__ENTRIES SHOWN__.
_____

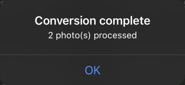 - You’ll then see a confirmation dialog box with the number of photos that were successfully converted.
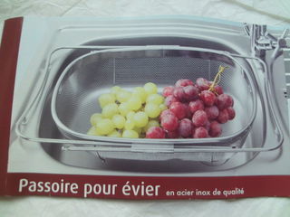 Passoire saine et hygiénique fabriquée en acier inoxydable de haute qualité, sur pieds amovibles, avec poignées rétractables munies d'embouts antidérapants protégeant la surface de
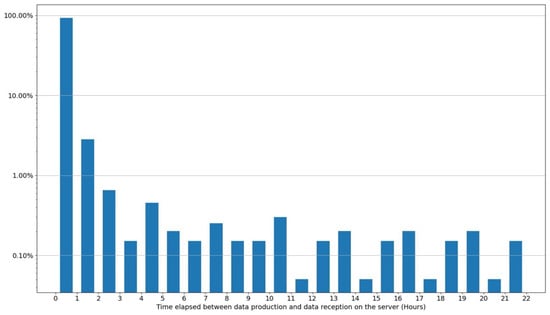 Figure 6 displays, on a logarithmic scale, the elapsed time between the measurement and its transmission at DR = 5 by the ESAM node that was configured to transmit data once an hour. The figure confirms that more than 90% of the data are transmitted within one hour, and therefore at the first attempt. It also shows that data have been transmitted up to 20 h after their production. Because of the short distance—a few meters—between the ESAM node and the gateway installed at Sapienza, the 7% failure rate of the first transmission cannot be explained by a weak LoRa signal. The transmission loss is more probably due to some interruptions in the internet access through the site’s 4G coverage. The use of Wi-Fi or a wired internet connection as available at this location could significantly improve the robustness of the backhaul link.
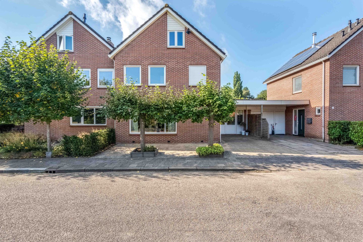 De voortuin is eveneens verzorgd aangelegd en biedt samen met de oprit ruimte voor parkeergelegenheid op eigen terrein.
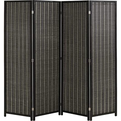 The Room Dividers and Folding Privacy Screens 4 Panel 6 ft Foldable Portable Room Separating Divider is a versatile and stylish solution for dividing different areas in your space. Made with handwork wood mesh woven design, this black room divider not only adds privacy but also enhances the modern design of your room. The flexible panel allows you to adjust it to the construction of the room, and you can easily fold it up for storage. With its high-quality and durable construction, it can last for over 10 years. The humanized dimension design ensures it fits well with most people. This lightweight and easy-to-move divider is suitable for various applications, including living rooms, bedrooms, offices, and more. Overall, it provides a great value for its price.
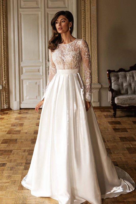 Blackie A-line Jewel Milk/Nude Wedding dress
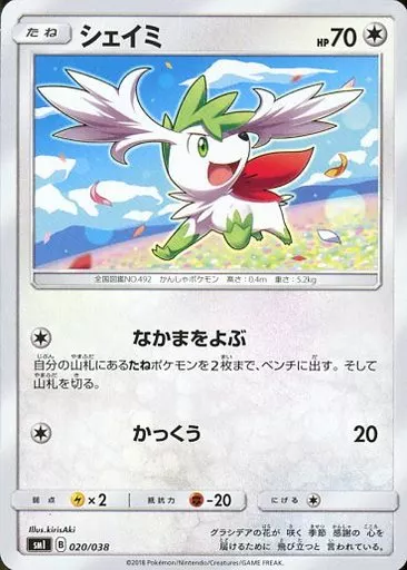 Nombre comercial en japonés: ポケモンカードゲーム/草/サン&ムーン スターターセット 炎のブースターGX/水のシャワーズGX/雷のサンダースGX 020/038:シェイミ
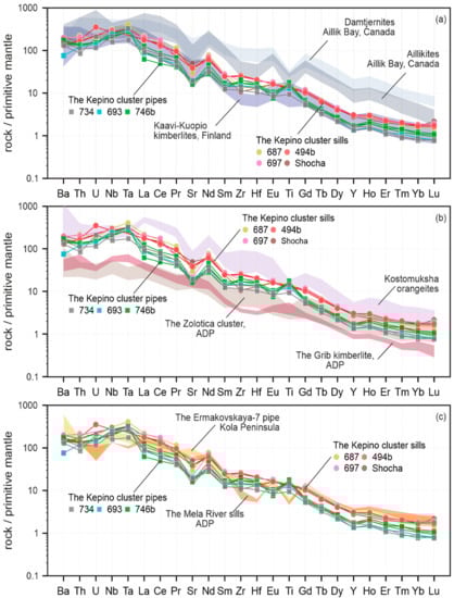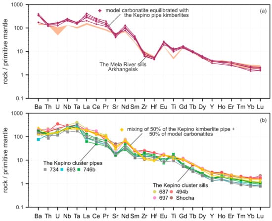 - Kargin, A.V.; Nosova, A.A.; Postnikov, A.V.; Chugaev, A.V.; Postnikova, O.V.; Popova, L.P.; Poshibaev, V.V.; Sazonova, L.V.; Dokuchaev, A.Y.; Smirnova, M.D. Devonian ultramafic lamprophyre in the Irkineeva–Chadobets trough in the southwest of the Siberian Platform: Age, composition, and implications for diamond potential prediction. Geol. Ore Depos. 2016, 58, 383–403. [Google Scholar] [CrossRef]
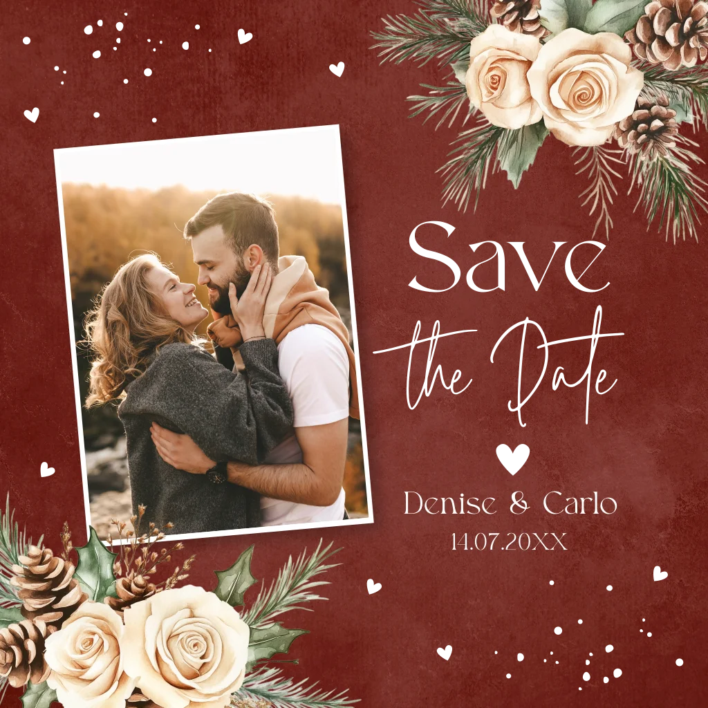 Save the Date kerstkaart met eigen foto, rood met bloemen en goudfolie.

_____

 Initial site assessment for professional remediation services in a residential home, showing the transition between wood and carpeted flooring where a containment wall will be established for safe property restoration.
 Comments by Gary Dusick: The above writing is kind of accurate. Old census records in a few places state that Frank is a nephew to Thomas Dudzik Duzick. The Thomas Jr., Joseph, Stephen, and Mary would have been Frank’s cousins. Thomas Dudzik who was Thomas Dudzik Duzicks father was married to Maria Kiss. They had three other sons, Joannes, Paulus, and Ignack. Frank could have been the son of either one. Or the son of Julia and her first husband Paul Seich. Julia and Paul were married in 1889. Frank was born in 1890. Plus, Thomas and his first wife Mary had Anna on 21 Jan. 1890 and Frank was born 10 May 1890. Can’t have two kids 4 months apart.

_____

__TRY IT__. Among the entries above, find the line with "Initial site assessment" and the line with "Comments by Gary"; give again exactly these two lines and all lines between them.

__YOUR SOLUTION__.
 Initial site assessment for professional remediation services in a residential home, showing the transition between wood and carpeted flooring where a containment wall will be established for safe property restoration.
 Comments by Gary Dusick: The above writing is kind of accurate. Old census records in a few places state that Frank is a nephew to Thomas Dudzik Duzick. The Thomas Jr., Joseph, Stephen, and Mary would have been Frank’s cousins. Thomas Dudzik who was Thomas Dudzik Duzicks father was married to Maria Kiss. They had three other sons, Joannes, Paulus, and Ignack. Frank could have been the son of either one. Or the son of Julia and her first husband Paul Seich. Julia and Paul were married in 1889. Frank was born in 1890. Plus, Thomas and his first wife Mary had Anna on 21 Jan. 1890 and Frank was born 10 May 1890. Can’t have two kids 4 months apart.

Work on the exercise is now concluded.